EXERCISE PROMPT » If a record holds a picture, please leave the picture out and copy the rest of the record exactly.

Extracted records
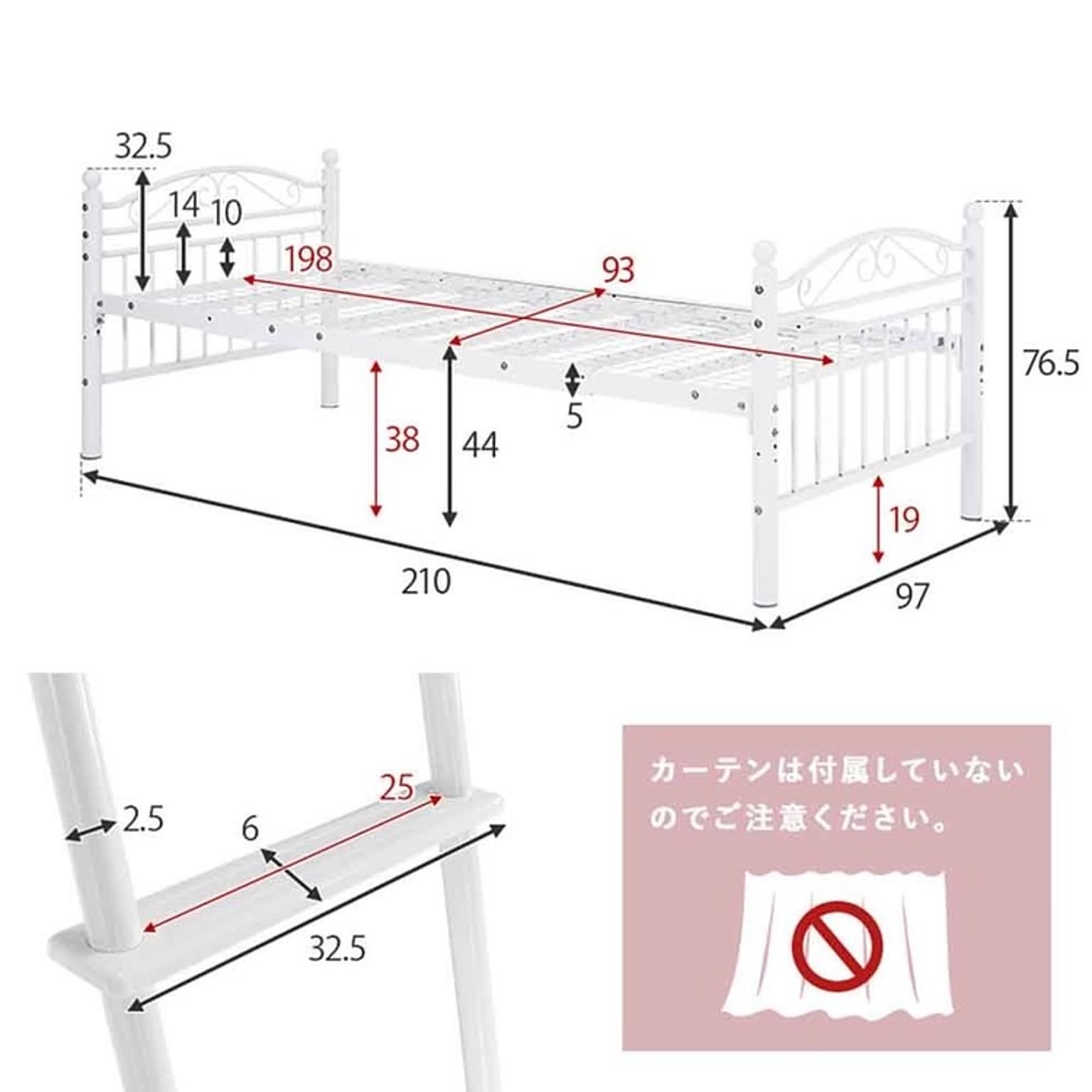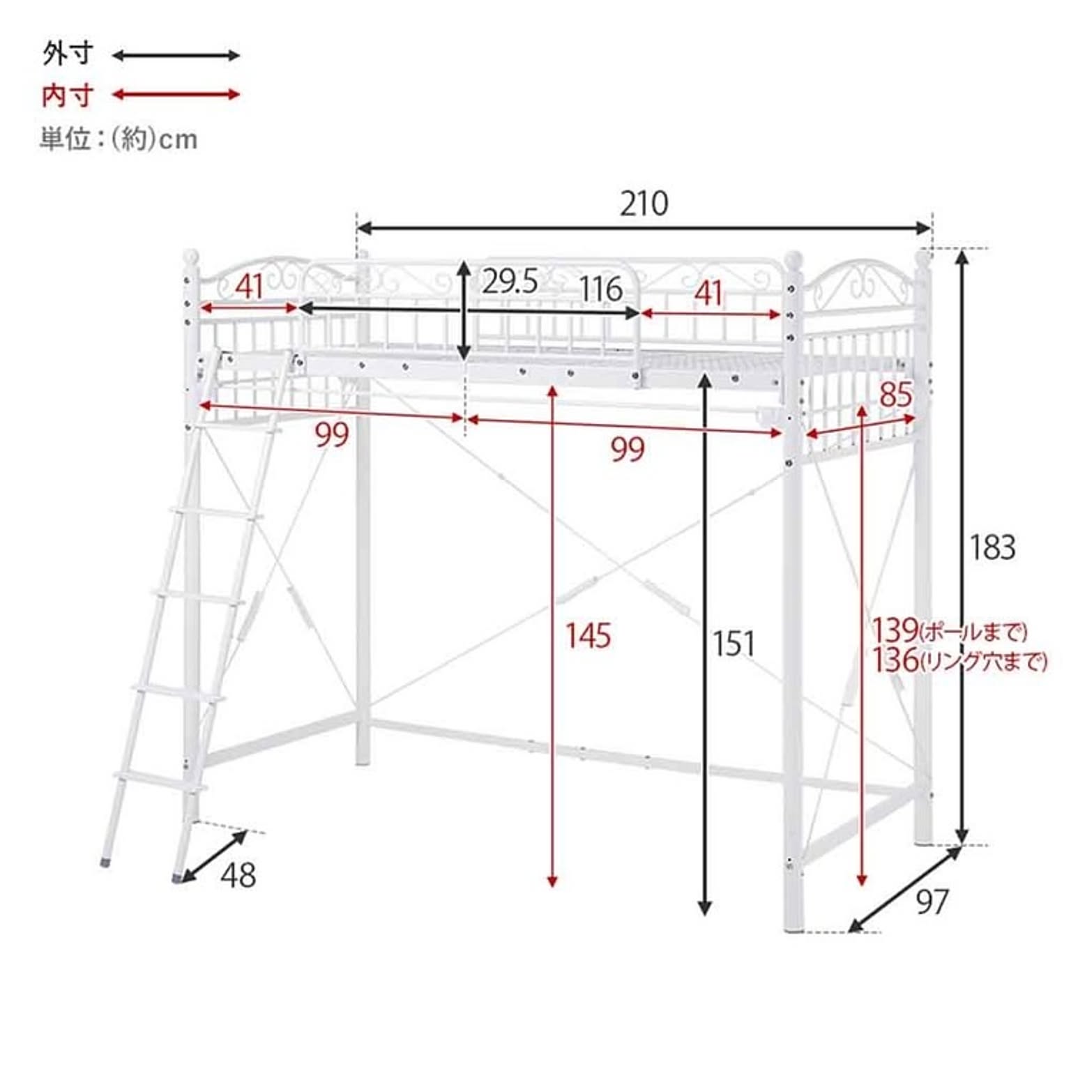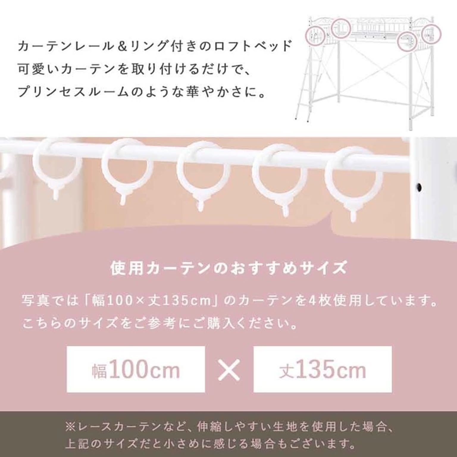 まるでプリンセスが住むお城のようなエレガントなデザインのパイプロフトベッドです。 市販のカーテンを取り付けて使え、好きなものに囲まれた憧れの空間を作れるハイタイプ。 ★お客様組立★ ※こちらの商品はお取り寄せ商品のため、初期不良以外の返品・交換は承れませんので、あらかじめご了承ください。 ●商品サイズ(cm) 幅約97×奥行約210×高さ約183 ●商品重量 約51kg ●主材 スチールパイプ ●組立の有無 有り ●組立時間 180分(2名)
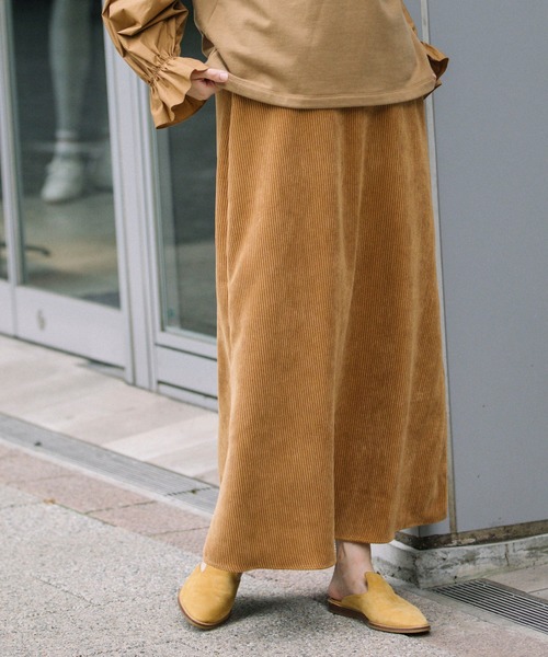 □2020 AUTUMN&WINTER COLLECTION□<CLASSY 11月号掲載>◆マーメイドシルエットが女性らしさを引き立てるレトロシックなロングスカート◆<MATERIAL>ポリエステル/ナイロンの程よいハリ感と柔らかさが共存した太コールです。コットンベースのコーデュロイとは違った雰囲気の表面感で、身体のラインを拾わない程度のドレープ性があり、カジュアルすぎない印象の素材です。<DESIGN>絶妙なマーメードシルエットに拘った、レトロシックなマキシスカートです。ヒップはすっきりとしたサイズ感で、膝から少し脇のラインを削り、ふんわりとした裾のラインに繋げ綺麗なマーメドラインを作り上げています。脇のラインを削ることによって、腰周りがスッキリし、スタイルアップ効果が生まれ大人っぽいアイテムに仕上げています。ゆるかなマーメードシルエットは、コーディネートしやすく大人も取り入れやすいスカートです。コーディロイ素材なので、よりカジュアルな印象と暖かみを加えてくれます。すっきりとしたタイトスカートとふんわりとしたフェミニンなフレアスカートの長所をアレンジしたMunichらしい大人シルエットです。後ろのベルトはゴムになっているので、ストレスフリーな穿き心地です。<COLOR>■ブラック:使い勝手のよい正統派ブラック。きりっとハンサムに決まる細見え効果の高く、オンオフ問わずに使いやすい1本です。■パープル:深みのある濃いパープル。上品な大人パープルです。■キャメル:黄味を抑えた落ち着いた印象のキャメル。こっくりとした秋らしさと品のある女らしさがのぞくカラーです。*お取扱いについては、商品についております品質表示にてご確認ください。洗濯:手洗い可.............................≪INFORMATION ≫............................▼商品のお気に入り登録▼『♡』マークを押してお気に入り登録して頂いた商品は、セール開催の通知やクーポン発行などのキャンペーンなど、お得な情報をいち早く受けとる事が出来ますので、ぜひご登録ください。
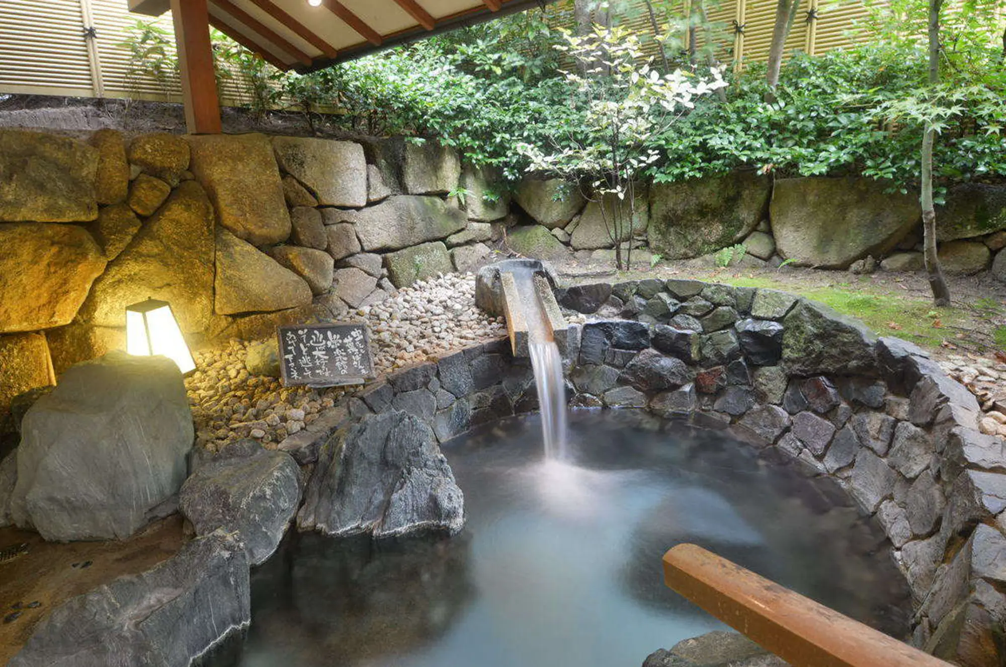 栄楽館の温泉は、敷地庭園地下400mから毎分250リットルの湯量で湧出している
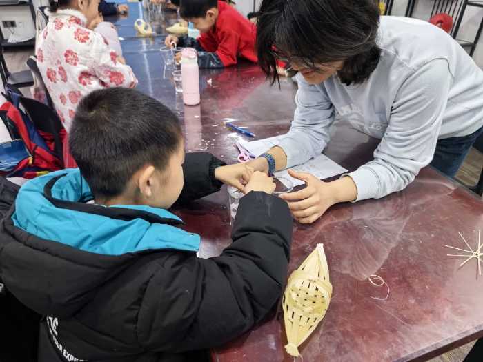 竹编课堂上,非遗文化与儿童教育碰撞出创意火花。老师系统讲解竹编历史与技法后,设计“基础小船编织”与“自由创作”双环节,在保证技能掌握的基础上激发创新潜能。孩子们用竹篾编织出小船、五角星、小帽子等实用物件,不仅锻炼了动手能力,更在非遗传承中厚植文化自信,让小学生们成为传统文化的“小小传播者”,为文化振兴埋下新的种子。
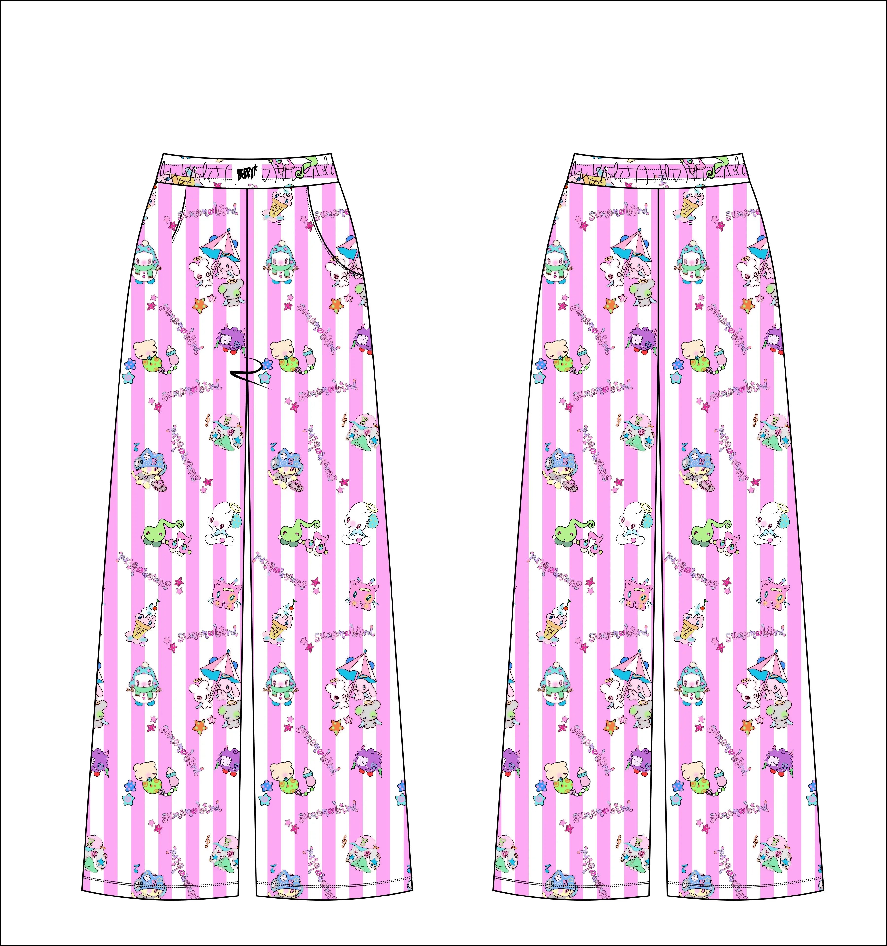 Pink striped cute doll pajama pants

ANSWER SPACE »
 まるでプリンセスが住むお城のようなエレガントなデザインのパイプロフトベッドです。 市販のカーテンを取り付けて使え、好きなものに囲まれた憧れの空間を作れるハイタイプ。 ★お客様組立★ ※こちらの商品はお取り寄せ商品のため、初期不良以外の返品・交換は承れませんので、あらかじめご了承ください。 ●商品サイズ(cm) 幅約97×奥行約210×高さ約183 ●商品重量 約51kg ●主材 スチールパイプ ●組立の有無 有り ●組立時間 180分(2名)
 □2020 AUTUMN&WINTER COLLECTION□<CLASSY 11月号掲載>◆マーメイドシルエットが女性らしさを引き立てるレトロシックなロングスカート◆<MATERIAL>ポリエステル/ナイロンの程よいハリ感と柔らかさが共存した太コールです。コットンベースのコーデュロイとは違った雰囲気の表面感で、身体のラインを拾わない程度のドレープ性があり、カジュアルすぎない印象の素材です。<DESIGN>絶妙なマーメードシルエットに拘った、レトロシックなマキシスカートです。ヒップはすっきりとしたサイズ感で、膝から少し脇のラインを削り、ふんわりとした裾のラインに繋げ綺麗なマーメドラインを作り上げています。脇のラインを削ることによって、腰周りがスッキリし、スタイルアップ効果が生まれ大人っぽいアイテムに仕上げています。ゆるかなマーメードシルエットは、コーディネートしやすく大人も取り入れやすいスカートです。コーディロイ素材なので、よりカジュアルな印象と暖かみを加えてくれます。すっきりとしたタイトスカートとふんわりとしたフェミニンなフレアスカートの長所をアレンジしたMunichらしい大人シルエットです。後ろのベルトはゴムになっているので、ストレスフリーな穿き心地です。<COLOR>■ブラック:使い勝手のよい正統派ブラック。きりっとハンサムに決まる細見え効果の高く、オンオフ問わずに使いやすい1本です。■パープル:深みのある濃いパープル。上品な大人パープルです。■キャメル:黄味を抑えた落ち着いた印象のキャメル。こっくりとした秋らしさと品のある女らしさがのぞくカラーです。*お取扱いについては、商品についております品質表示にてご確認ください。洗濯:手洗い可.............................≪INFORMATION ≫............................▼商品のお気に入り登録▼『♡』マークを押してお気に入り登録して頂いた商品は、セール開催の通知やクーポン発行などのキャンペーンなど、お得な情報をいち早く受けとる事が出来ますので、ぜひご登録ください。
 栄楽館の温泉は、敷地庭園地下400mから毎分250リットルの湯量で湧出している
 竹编课堂上,非遗文化与儿童教育碰撞出创意火花。老师系统讲解竹编历史与技法后,设计“基础小船编织”与“自由创作”双环节,在保证技能掌握的基础上激发创新潜能。孩子们用竹篾编织出小船、五角星、小帽子等实用物件,不仅锻炼了动手能力,更在非遗传承中厚植文化自信,让小学生们成为传统文化的“小小传播者”,为文化振兴埋下新的种子。
 Pink striped cute doll pajama pants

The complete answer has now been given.